- Education: Howard University Columbia University
- Occupation: Architect
- Practice: Roberta Washington Architects

= Roberta Washington =

American architect

Roberta Washington , , is an American architect. She founded the firm Roberta Washington Architects in 1983, which, at the time, was one of very few architecture firms in the United States led by an African-American woman. She was a Commissioner of the New York City Landmarks Preservation Commission from 2007 to 2015. She is a past President of the National Organization of Minority Architects (1997) and is a Director and Treasurer of the National Organization of Minority Architects (NOMA) Foundation. She has been a Fellow of the American Institute of Architects since 2006.

==Early life and education==
Washington received her Bachelor of Architecture degree in 1970 from Howard University. She completed a Master of Architecture degree at Columbia University in 1971. She received a full scholarship from Columbia University along with 25 other African-American students as a response to its campus riots in 1968. After earning her master's degree, she spent four years working on hospital and housing projects in Mozambique.

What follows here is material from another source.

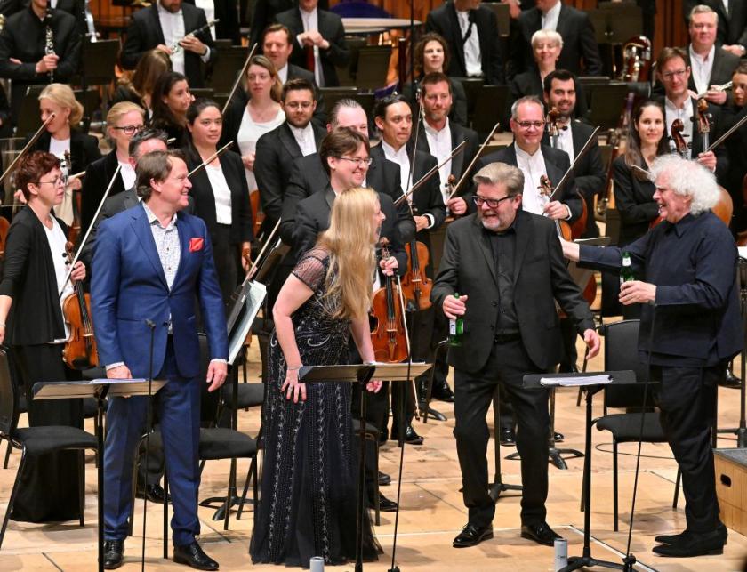 Equalling it were the patriotic choruses from the men of Nigel Short's Tenebrae: thrilling heroism indeed, and complemented up by the wonderful sound of Bart Van Troyen's bagpipes (pictured below alongside the double basses). Janáček excels himself in blending comedy and conflict, as another lopsided waltz of the kind that populate Part One takes over from the threat of violence and Brouček finds himself, dirty but alive, crawling out of the barrel in which he's spent the night. There were no weaknesses in the large supporting cast, with further outstanding soprano lyricism from Doubravka Novotná and yet more tenor clarity from Stephan Rügamer and Lenard Vrielink. Crowe, transforming into a portmanteau version of the ideal Janáček heroine, managed to pull at the heartstrings as brave Kunka, embodying every emotion with the same kind of economy as Hoare. Ultimately, though, it was this Brouček's night, and Janáček's as embodied in the luminous sounds of the LSO under Rattle. Right now, Janáček earworms have even taken the place of Valkyriemania. Na zdraví, and to what should be a perfect recording too.

During her education, she was active in organizations including the Women's Caucus at the American Institute of Architects and Alliance of Women in Architecture. Forming bonds with fellow architects helped inspire Washington to work to ensure legacies of Blacks and women aren't lost. She has been researching and writing about architects Beverly Loraine Green and Georgia Louise Harris Brown since 1997.

Washington was elected to the board of directors of the Society of Architectural Historians in 2021. She is a member of the Board of Directors of Save Harlem Now. She served on Community Board 10 in Central Harlem where she was chair of the Housing Committee and co-chair of the Land Use Committee.